The advent of the femtosecond laser offers a potential improvement on the already successful cataract surgery. In an age with educated patients who desire the latest surgical technology, it is important that ophthalmologists offer innovative methods that are novel and proven to be of clinical benefit. This study found that postoperative visual outcomes, refractive outcomes, and intraoperative complications were similar between the different methods of cataract surgery with and without femtosecond laser use. The overall postoperative complication rate was higher in those with femtosecond laser assistance, largely due to minor laser-specific complications, with worse initial postoperative visual acuity due to corneal edema, early PCO, and uveitis. Based on these results, there is no evidence that FLACS is superior in comparison to CPCS. However, both options offer excellent visual outcomes and low complication rates.


1. Grewal DS, et al. Femtosecond laser-assisted cataract surgery—current status and future directions. Surv Ophthalmol. 2016;61:103–131.
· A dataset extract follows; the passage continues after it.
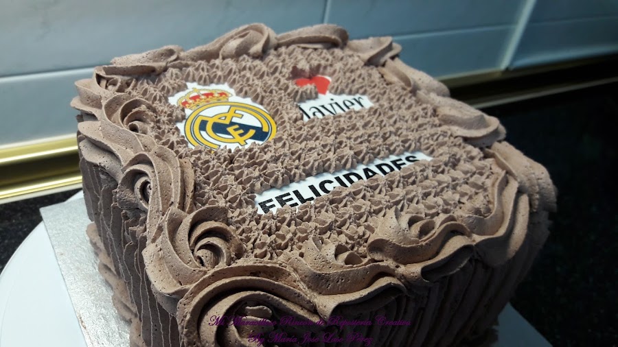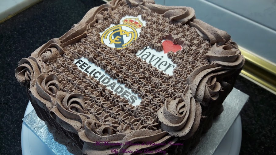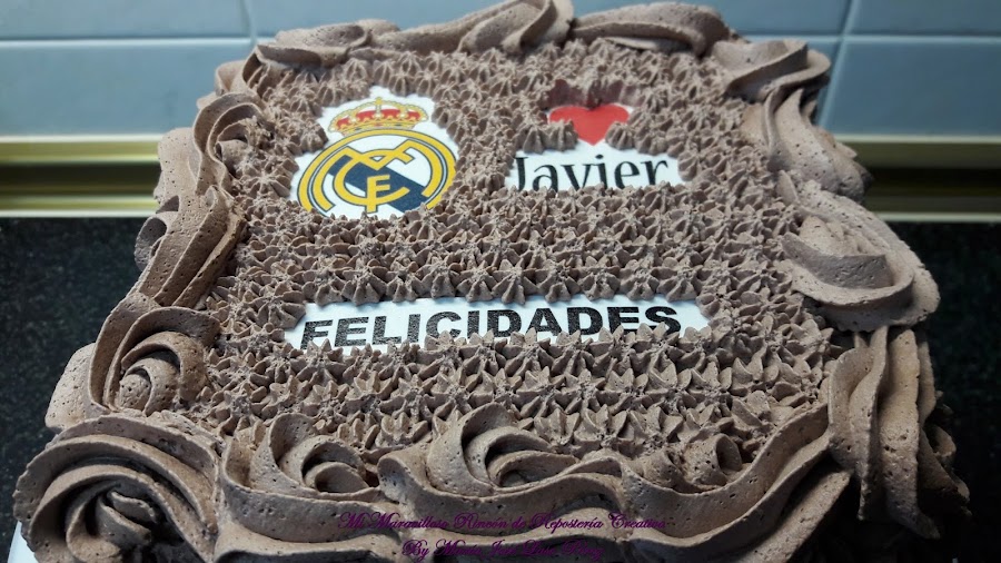 Me la encargó Mari Carmen una compañera de trabajo para el cumpleaños de su hijo Javier, a quien le gusta mucho el Real Madrid. La tarta tenía que ser de trufa porque el chocolate le entusiasma. Además llevaba dos cortes para el relleno: el inferior de trufa y el central de crema de mango ¡deliciosa!

2. Donaldson KE, et al. Femtosecond laser- assisted cataract surgery. J Cataract Refract Surg. 2013;39:1753–1763.

3. Nagy ZZ, et al. Comparison of intraocular lens decentration parameters after femtosecond and manual capsulotomies. J Refract Surg. 2011;27:564–569.

4. Friedman NJ, et al. Femtosecond laser capsulotomy. J Cataract Refract Surg. 2011;37: 1189–1198.

5. Qian DW, et al. Femtosecond laser capsulotomy versus manual capsulotomy: a meta-analysis. Int J Ophthalmol. 2016;9:453–458. 6. Schultz T, et al. Changes in prostaglandin levels in patients undergoing femtosecond laser-assisted cataract surgery. J Refract Surg. 2013;29:742–7.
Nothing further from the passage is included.